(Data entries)
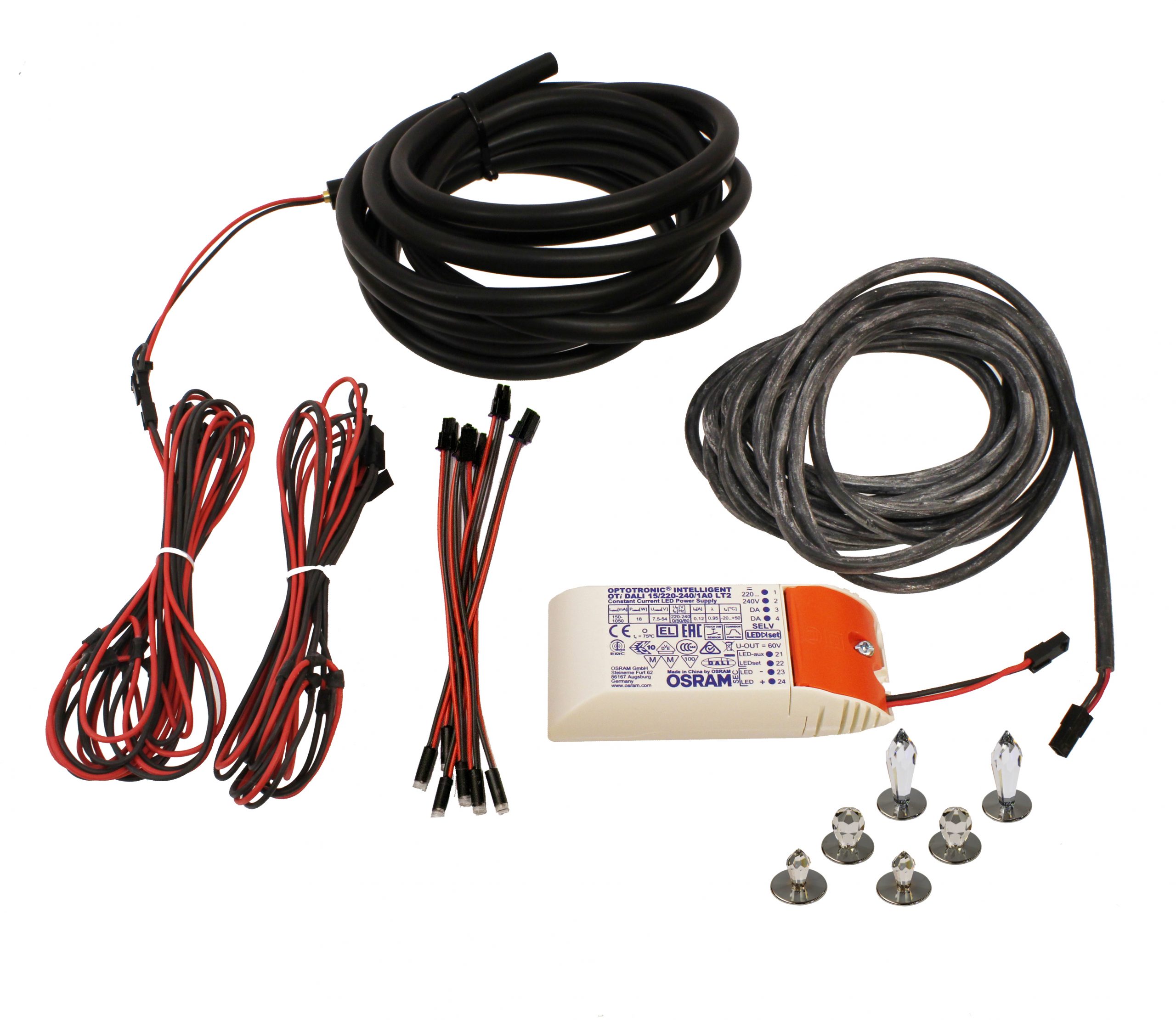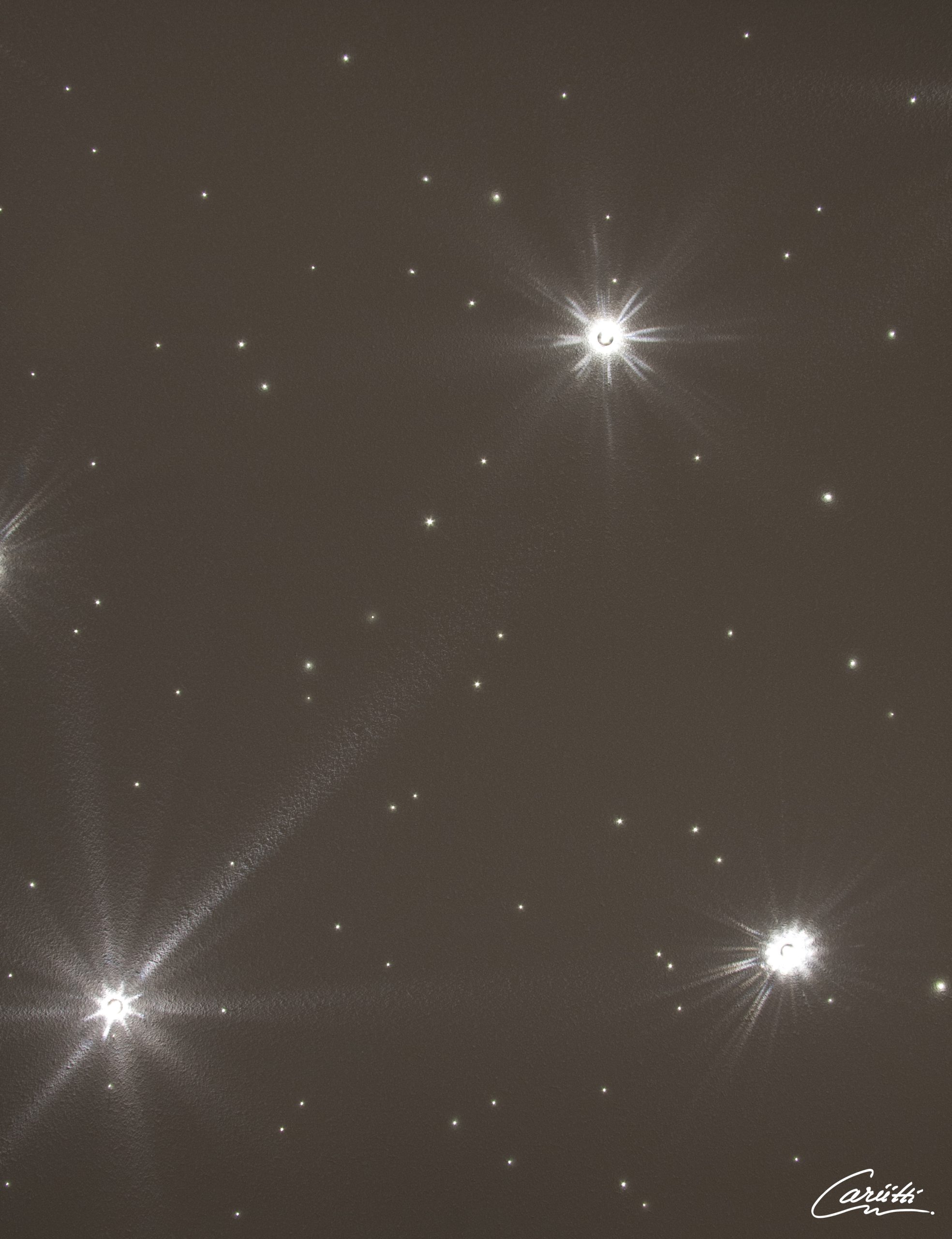 Cette série complète prête à installer comprend un faisceau de fibres optiques plastique (75 fibres), 6 cristaux (2 x CR-12, 2 x CR-16 et 2 x CR-31), 6 LED de 1W (4000K / IP67), ainsi que le bloc d’alimentation. Cette série est bien adaptée pour la réalisation de petits ciels étoilés de 1-2 m2.
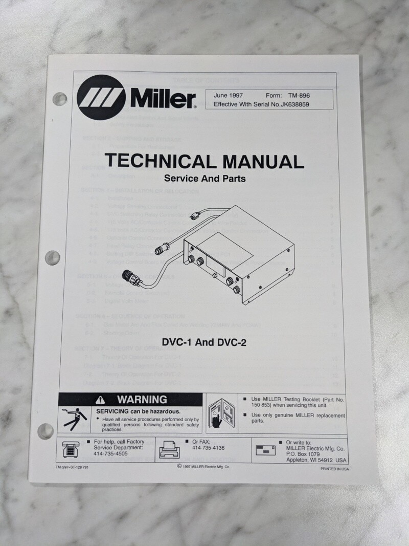 Miller Weder Service Technical Manual Parts List Dvc-1 Dvc-2 Tm-896 1997
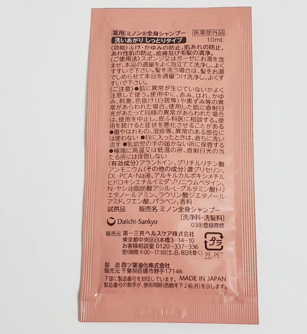 ミノンさんは、よく大量当選のサンプルプレゼントキャンペーンしてくれるので、お試しできて嬉しい。 全身シャンプー。ジェルだし泡立ちはそんなに良くないけど、そこそこの量出せば、泡立ちもそれなりに良かったです。 全身保湿ミルクは、とってもみずみずしくて、柔らかいミルク。シャワーの後にスーッと手早く塗れます。
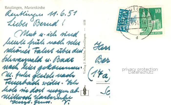 Reutlingen_BW Marienkirche postalisch gelaufen 1951 Erhaltung siehe scans [FriedD77] Frierer
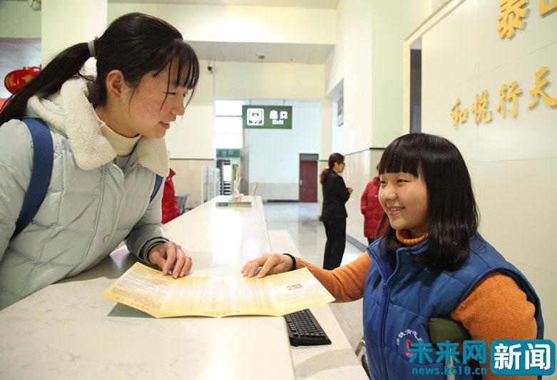 由于李厚萱行動不便,志愿服務期間她的母親田秀云全程陪同。李厚萱在咨詢臺工作的時候,閑下來的田秀云便幫忙整理、分發列車時刻表,是泰山火車站“特殊”春運志愿者。

● **TASK TO CARRY OUT**: Would you output the data above exactly as written, but with no images?

● **SOLUTION TO THIS PROBLEM**:
 Cette série complète prête à installer comprend un faisceau de fibres optiques plastique (75 fibres), 6 cristaux (2 x CR-12, 2 x CR-16 et 2 x CR-31), 6 LED de 1W (4000K / IP67), ainsi que le bloc d’alimentation. Cette série est bien adaptée pour la réalisation de petits ciels étoilés de 1-2 m2.
 Miller Weder Service Technical Manual Parts List Dvc-1 Dvc-2 Tm-896 1997
 ミノンさんは、よく大量当選のサンプルプレゼントキャンペーンしてくれるので、お試しできて嬉しい。 全身シャンプー。ジェルだし泡立ちはそんなに良くないけど、そこそこの量出せば、泡立ちもそれなりに良かったです。 全身保湿ミルクは、とってもみずみずしくて、柔らかいミルク。シャワーの後にスーッと手早く塗れます。
 Reutlingen_BW Marienkirche postalisch gelaufen 1951 Erhaltung siehe scans [FriedD77] Frierer
 由于李厚萱行動不便,志愿服務期間她的母親田秀云全程陪同。李厚萱在咨詢臺工作的時候,閑下來的田秀云便幫忙整理、分發列車時刻表,是泰山火車站“特殊”春運志愿者。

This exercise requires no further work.